Services are provided by a qualified physical therapist.
504 of the Rehabilitation Act of 1973 (Section 504) is a civil rights statute
that prohibits discrimination/harassment on the basis of a disability in any
program or activity receiving federal financial assistance. In
particular, Section 504 provides that:
No otherwise qualified individual with a disability in the United States...shall, solely by reason of her or his disability, be excluded from the participation in, be denied the benefits of, or be subjected to discrimination under any program or activity receiving federal financial assistance....
29 U.S.C. § 794(a) (1973).
The Section 504 regulations require a school district to provide a “free appropriate public education” (FAPE) to each qualified student with a disability who is in the school district’s jurisdiction, regardless of the nature or severity of the disability. FAPE consists of education, related aids/services, and accommodations designed to meet the student’s individual needs. Section 504 requires a school district to provide to students with disabilities appropriate educational services designed to meet the individual needs of such students to the same extent as the needs of students without disabilities are met.
The determination of whether a student has a physical or mental impairment that substantially limits a major life activity must be made on the basis of an individual inquiry. The Section 504 regulations define a physical or mental impairment as any physiological or psychological disorder or condition, cosmetic disfigurement, or anatomical loss affecting one or more of the following body systems: neurological; musculoskeletal; special sense organs; respiratory, including speech organs; cardiovascular; reproductive; digestive; genitor-urinary; lymphatic; skin; and endocrine; or any mental or psychological disorder, such as mental retardation, organic brain syndrome, emotional or mental illness, and specific learning disabilities. The regulations do not set forth an exhaustive list of specific diseases and conditions that may constitute physical or mental impairments because of the difficulty of ensuring the comprehensiveness of such a list.

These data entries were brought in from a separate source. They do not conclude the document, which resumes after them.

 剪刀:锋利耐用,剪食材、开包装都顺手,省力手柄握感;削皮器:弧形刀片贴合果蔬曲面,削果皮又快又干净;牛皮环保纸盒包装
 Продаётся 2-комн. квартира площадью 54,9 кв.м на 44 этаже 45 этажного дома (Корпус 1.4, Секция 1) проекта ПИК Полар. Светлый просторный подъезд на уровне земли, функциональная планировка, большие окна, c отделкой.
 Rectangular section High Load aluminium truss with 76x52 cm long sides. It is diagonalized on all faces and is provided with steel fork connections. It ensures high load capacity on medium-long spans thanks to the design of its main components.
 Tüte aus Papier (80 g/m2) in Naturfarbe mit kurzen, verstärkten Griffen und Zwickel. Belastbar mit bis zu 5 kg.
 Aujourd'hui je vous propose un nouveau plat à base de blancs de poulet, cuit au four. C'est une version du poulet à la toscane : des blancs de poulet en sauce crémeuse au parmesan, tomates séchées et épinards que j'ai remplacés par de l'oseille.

Major life activities, for purposes of Section 504 eligibility, include functions such as caring for one's self, performing manual tasks, reading, concentrating, thinking, communicating, walking, seeing, hearing, speaking, breathing, learning, and working. This list is not exhaustive. Other functions can be major life activities for purposes of Section 504.

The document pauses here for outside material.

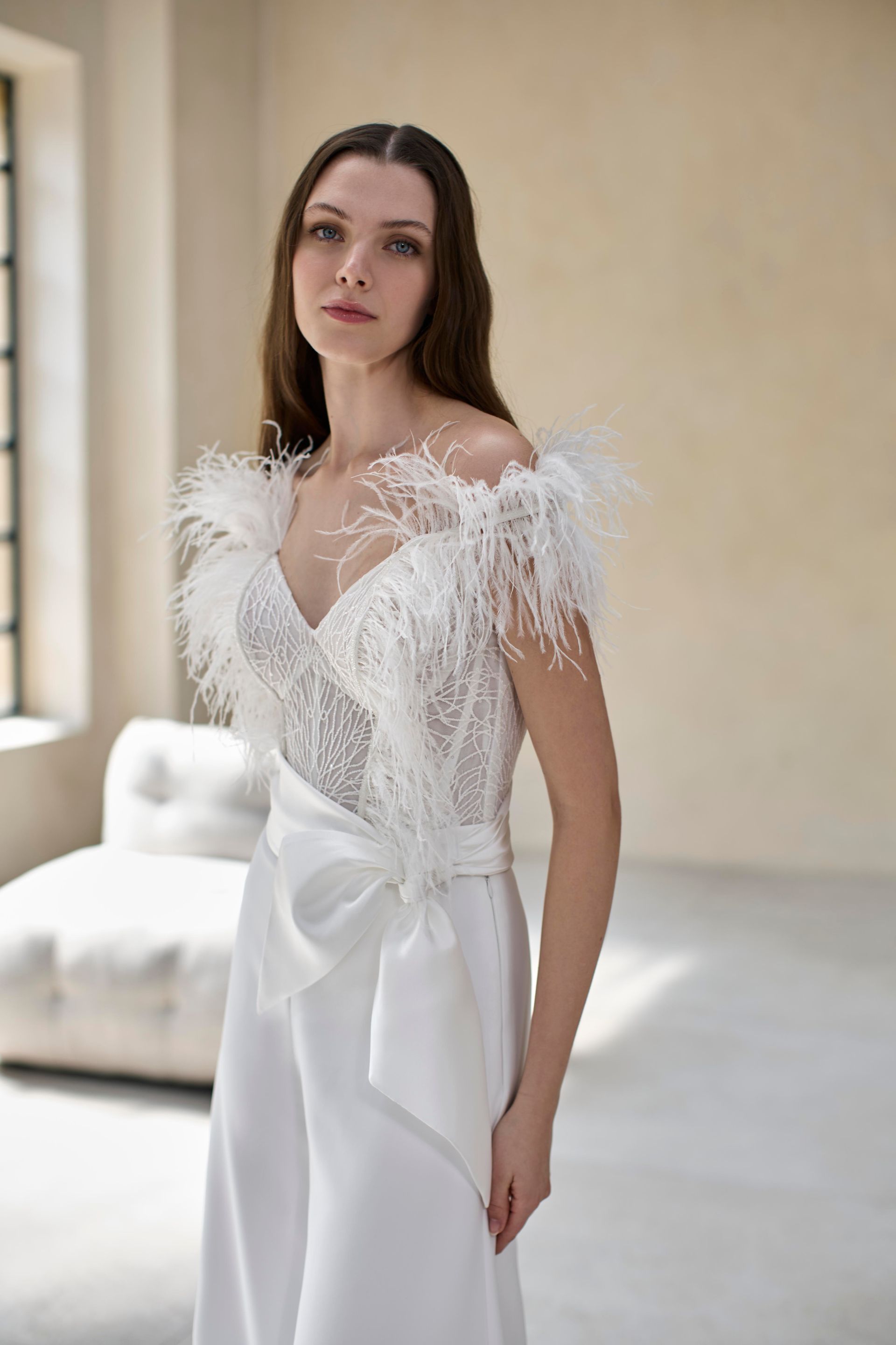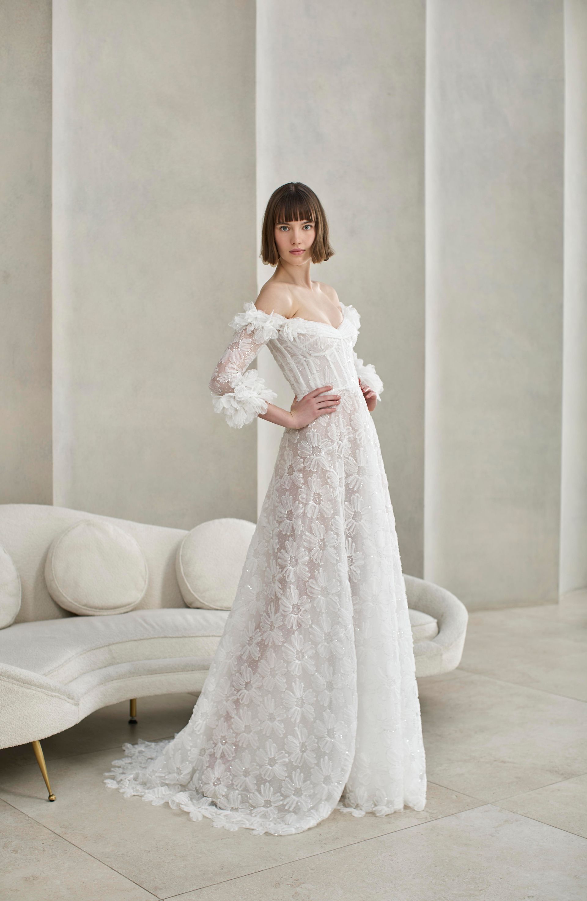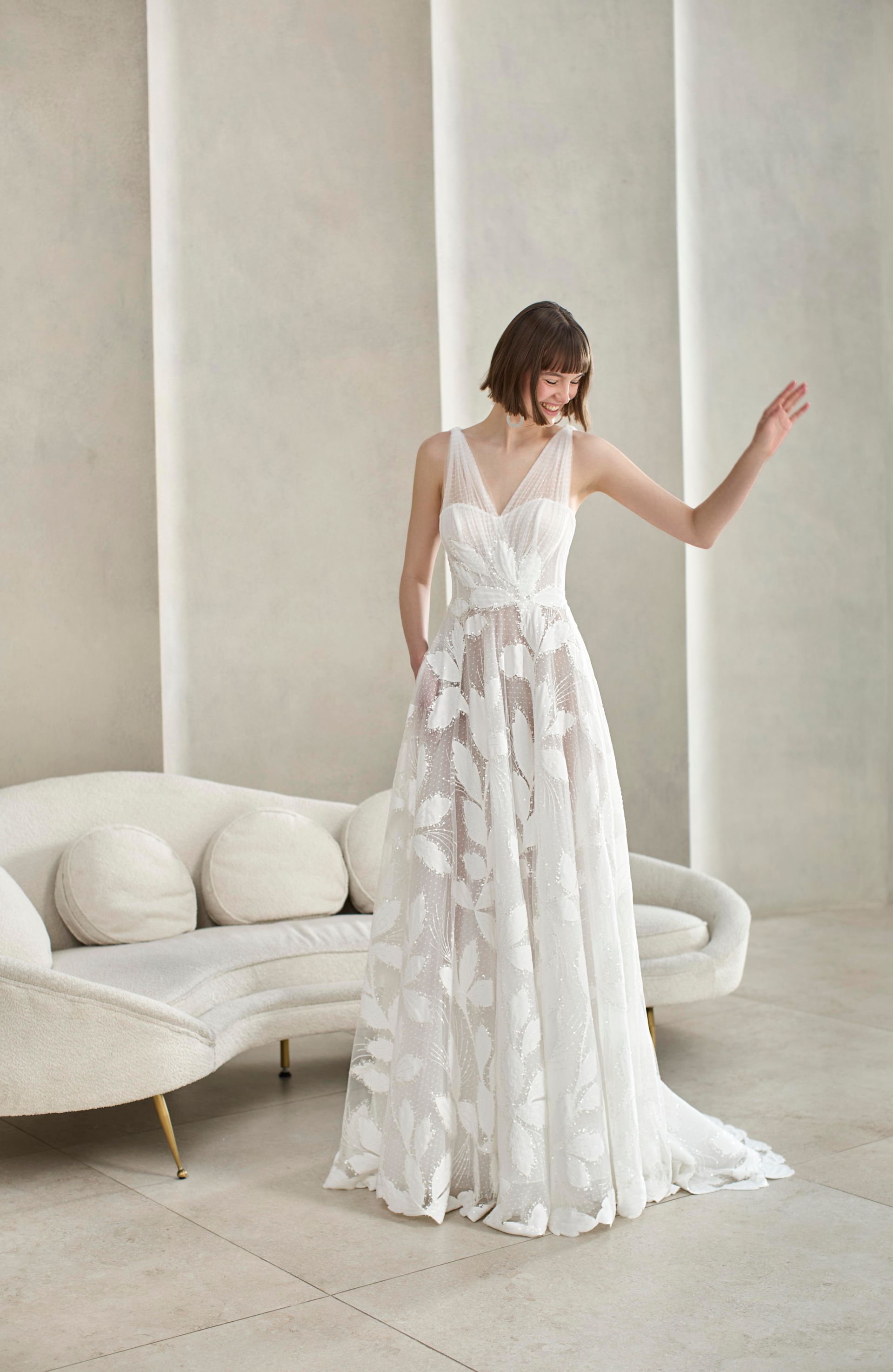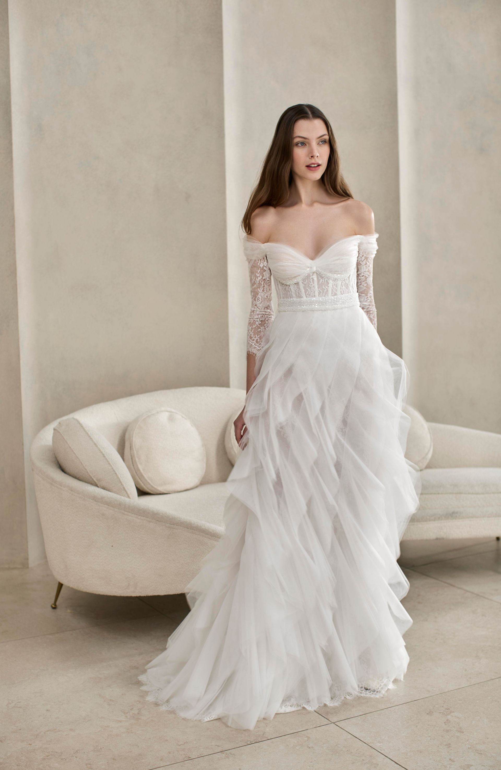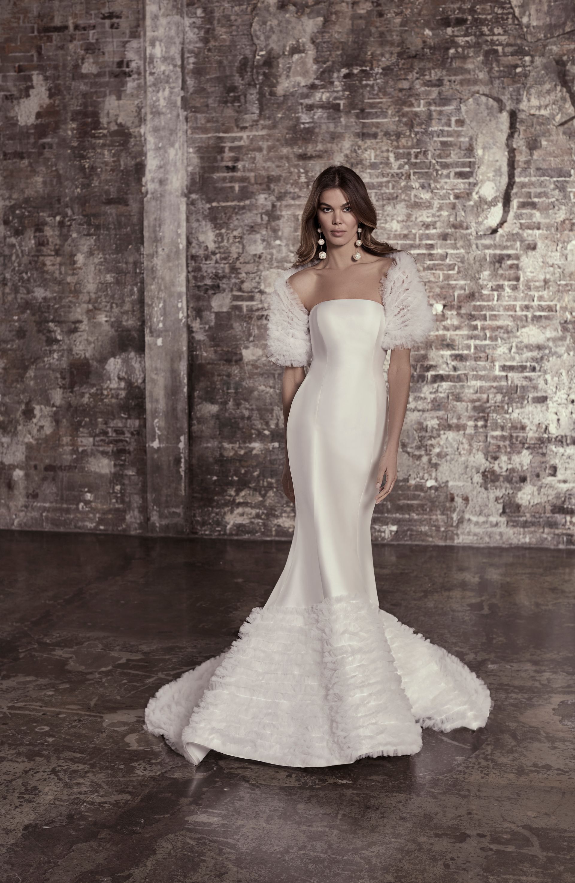 Trasparenze, plumetis, glitter, pizzi tridimensionali e a rete, fiori stilizzati e piccole farfalle rendono le creazioni haute couture della linea EP originalissime ed esclusive. La scelta accurata dei tessuti innovativi e l’impatto scenico di modelli estrosi, li rende indimenticabili e perfetti per una sposa dal carattere audace e grintoso.

The protections of Section 504 extend to individuals who satisfy the eligibility requirements of Section 504. At the elementary and secondary school level, determining whether a child is a qualified disabled student under Section 504 begins with the evaluation process.

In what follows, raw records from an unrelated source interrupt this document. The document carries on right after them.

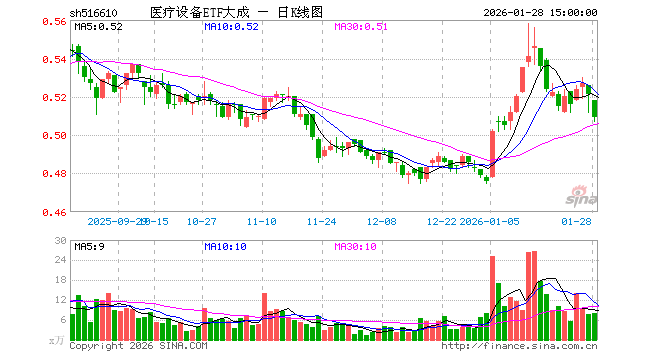 1月28日,医疗设备ETF大成(516610)跌2.30%,成交额416.41万元。当日份额增加100.00万份,最新份额为1.78亿份,近20个交易日份额增加200.00万份。最新资产净值计算值为9037.56万元。
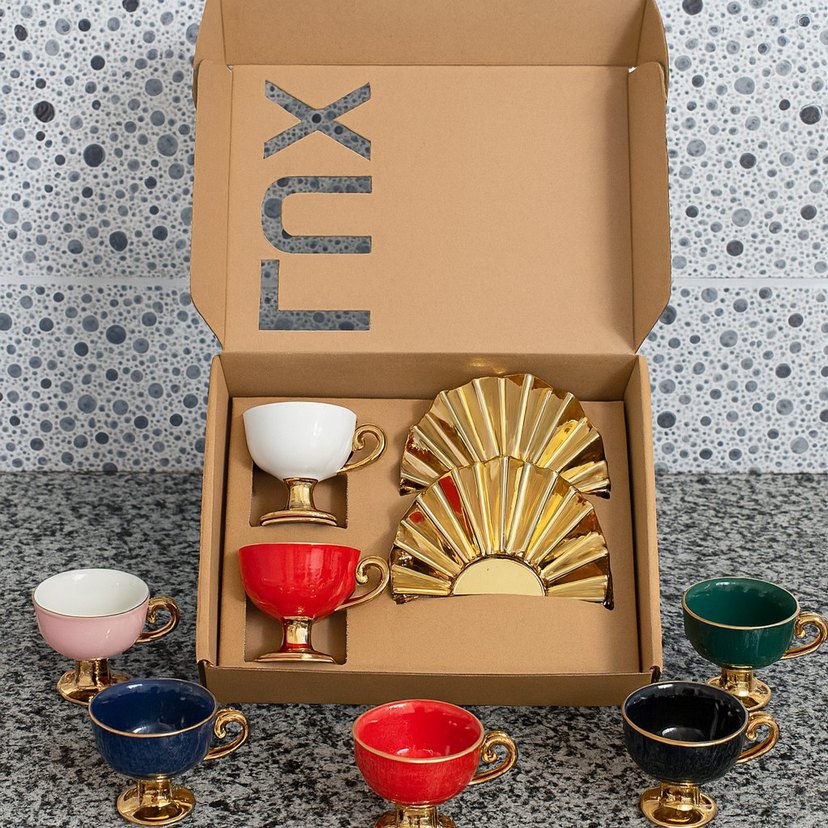Altın kulplu ve tabanlı renkli kahve fincanları seti, altın renkli dekoratif parçalarla kutuda sunulur. ☕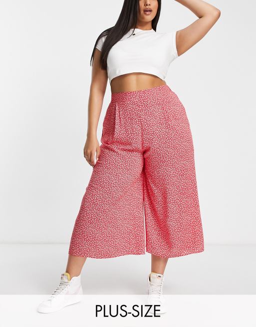 New Look Curve wide leg cropped trouser in red ditsy floral

Section 504 requires the use of evaluation procedures that ensure that children are not misclassified; unnecessarily labeled as having a disability; or incorrectly placed, based on inappropriate selection, administration, or interpretation of evaluation materials. If a school district re-evaluates a student in accordance with the Section 504 regulation at 34 C.F.R. 104.35 and determines that the student's mental or physical impairment no longer substantially limits his/her ability to learn or any other major life activity, the student is no longer eligible for services under Section 504.
Public elementary and secondary schools must employ procedural safeguards regarding the identification, evaluation, or educational placement of persons, who because of disability, need or are believed to need special instruction or related services.